It was a duty he would gladly have avoided, most particularly since
the ranking Skolian representative on Earth, the one to whom he had to
tender that apology, was the unforgiving Kelric Skolia, not the more
diplomatic and approachable Ambassador Tron.
The Imperator, however, did not look particularly angry when the
call was placed through to his quarters on his flagship
Roca’s Pride, just tired.
Well, it had been a long day for everybody concerned.
“My greetings, Imperator Skolia,” Fitz said carefully, pressing the
limits of his knowledge of Iotic and hoping that he wasn’t fatally
mispronouncing the greeting.
Still, the protocol people insisted that it was an important sign of his
sincerity to offer the initial greeting in the Imperator’s language, even
if he had to rely on a translator for the rest of the conversation.
“My greetings, General McLane,” came the response in equally
awkward English. Then, to
Fitz’s astonishment, the Imperator switched to Skolian Flag, a language in
which the Allied General was moderately fluent.
“Might I trouble you for a private conversation?”
While it made sense to use a common language and not introduce
translation errors, it was an unheard-of concession during a diplomatic
exchange, particularly since the Skolians were the aggrieved party.
Fitz could think of only two logical reasons for such an
unprecedented action: the Imperator either wished to convey the extreme
depth of his displeasure in terms that otherwise might start a war, or he
was reserving the official Skolian response for later, when it could be
used for maximum diplomatic effect to force favorable changes in the
proposed treaty.
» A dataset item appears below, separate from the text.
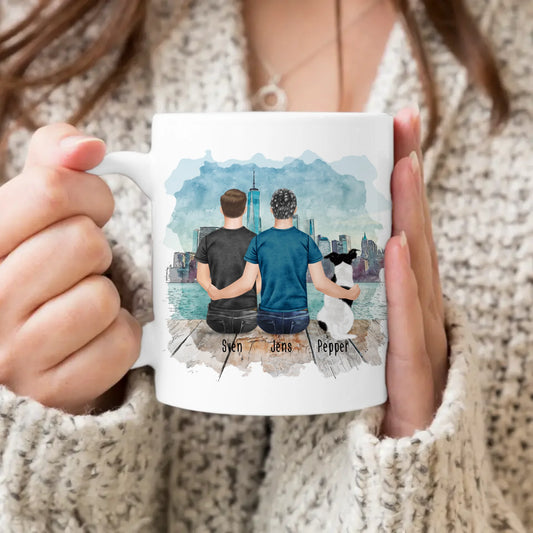 Personalisierte Tasse - 2 Männer + 1 Hund
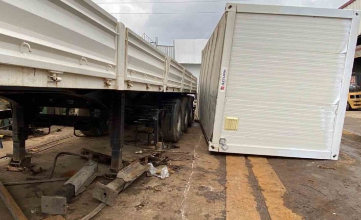 Kocaeli’nin Körfez ilçesinde tıra yüklenen konteyner ile dorse arasında sıkışan yabancı uyruklu işçi yaralandı.

On the
less-logical side, perhaps the Skolian leader was as tired of the endless
circular diplomatic debates as the rest of them.
In either case, there could be only one response, and he offered it
in Skolian Flag. “Of course,
Imperator Skolia.”
He dismissed the translator and aides who had been standing by,
then turned back to the screen.
“How can I help you?”
“Primary Jarin reports that President Loughten was badly injured
during the assassination attempt.
I trust that her prognosis is good?”
This was a less belligerent opening than he had feared.
“The President took a bullet through the shoulder.
The surgeons think it can be repaired, but she lost a lot of blood.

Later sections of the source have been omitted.